Further tuning of the parameters for each of these algorithms may lead to improved performance. I am pretty impressed with the off-the-shelf starting parameters! Using any of the bandit strategies improved upon RCT relative to both the probability of selecting the optimal policy and expected value of incurred rewards. While the relative benefits of bandit algorithms are useful in applied settings, academics interested in precise estimation of non-optimal effects may not find them as useful. For example, the algorithm may exploit the highest rewarding solution to the omission of lower rewarding alternatives resulting in less information about these policy options! As always, it is super important to consider the purpose of the study prior to implementing any algorithm!

Code for Post

# --------------------------------------- Bandit Functions ----------------------------------- #
  bandit_1<-function(){
    payout<-rbinom(1,1, .5)
    if(payout){
      rnorm(1, 10, 2)
    }else{
      0
    }
  }
  
  bandit_2<-function(){
    payout<-rbinom(1,1, .25)
    if(payout){
      rnorm(1, 17, 2)
    }else{
      0
    }
  }
  
  bandit_3<-function(){
    payout<-rbinom(1,1, .1)
    if(payout){
      rnorm(1, 45, 2)
    }else{
      0
    }
  }
  
  bandit_4<-function(){
    payout<-rbinom(1,1, .7)
    if(payout){
      rnorm(1, 6, 2)
    }else{
      0
    }
  }
  
  # --------------------------------------- Sample Size Determination ----------------------------------- #
  library(pwr)
  
  pwr::cohen.ES("t", "small")
  
  pwr::pwr.t.test(d = .2, 
                  sig.level = .05, 
                  power = .8, 
                  type = "two.sample", 
                  alternative = "two.sided")
  
  # --------------------------------------- RCT Simulation ----------------------------------- #
  
  
  ### Simulating randomized control trial with Gambler's Dilemma ###
  library(tidyverse)
  
  ### Defining set-up parameters
  set.seed(555555)
  
  bandit_list<-list(
    bandit_1, 
    bandit_2, 
    bandit_3, 
    bandit_4
  )
  
  
  
  # What is the target within group sample size?
  target_n<-393
  # simulation count
  m<-1000
  
  simulation_storage<-list()
  
  for (i in 1:m){
    
    # how many times has each machine been sampled?

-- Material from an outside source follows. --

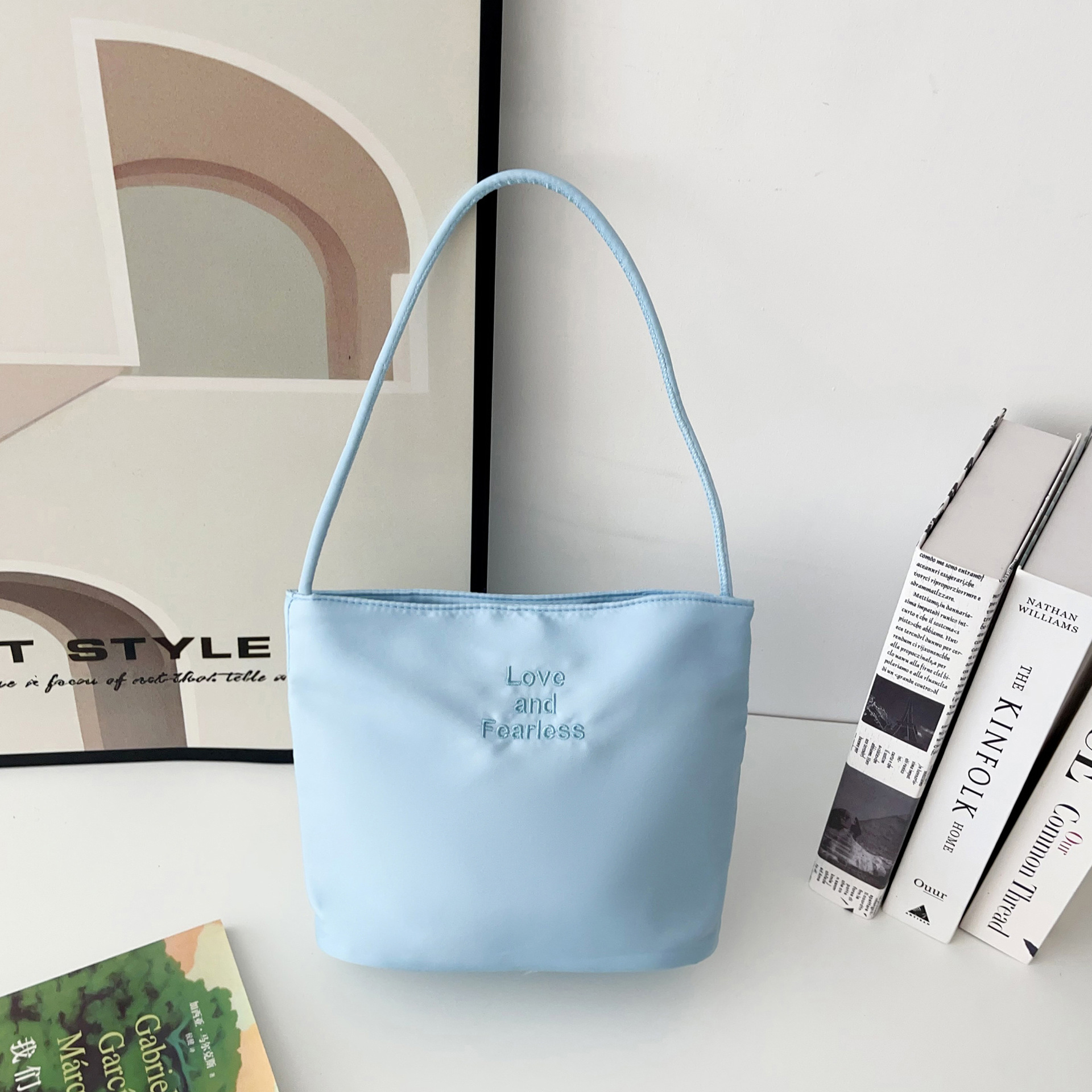 Souvenir Korean Handbag for Women, Nylon Fabric Original Women's Bag, Fashionable Embroidered Underarm Bag, Versatile Shoulder Bag

    pull_count<-rep(0, times = 4)
    
    # A trigger to stop the simulation
    bandit_index<-pull_count<target_n
    
    # result storage
    reward_df<-tibble(
      machine = 1:4,
      reward = NA,
      var = NA
    )
    
    while(any(bandit_index)){
      
      # select a machine at random if they have a lower target n than the target sample size
     machines_left<- c(1:4)[bandit_index]
     
     # nessary logic because of how sample handles integers that are passed as x (i.e., passing 4 samples 1 to 4)
     if(length(machines_left)>1){
           selected<-sample(machines_left, size = 1)
     }else{
       selected<-machines_left
     }
        
      # make a pull from the machine to see the reward
       new_reward<- bandit_list[[selected]]()
       
      # update the pull count to reflect recent pull
       pull_count[[selected]]<-pull_count[[selected]]+1
       
      # update the expected mean and variance
       ## if this is not the first draw calculate the mean
       if(pull_count[[selected]]!=1){
         
         old_ave_reward<-reward_df$reward[[selected]]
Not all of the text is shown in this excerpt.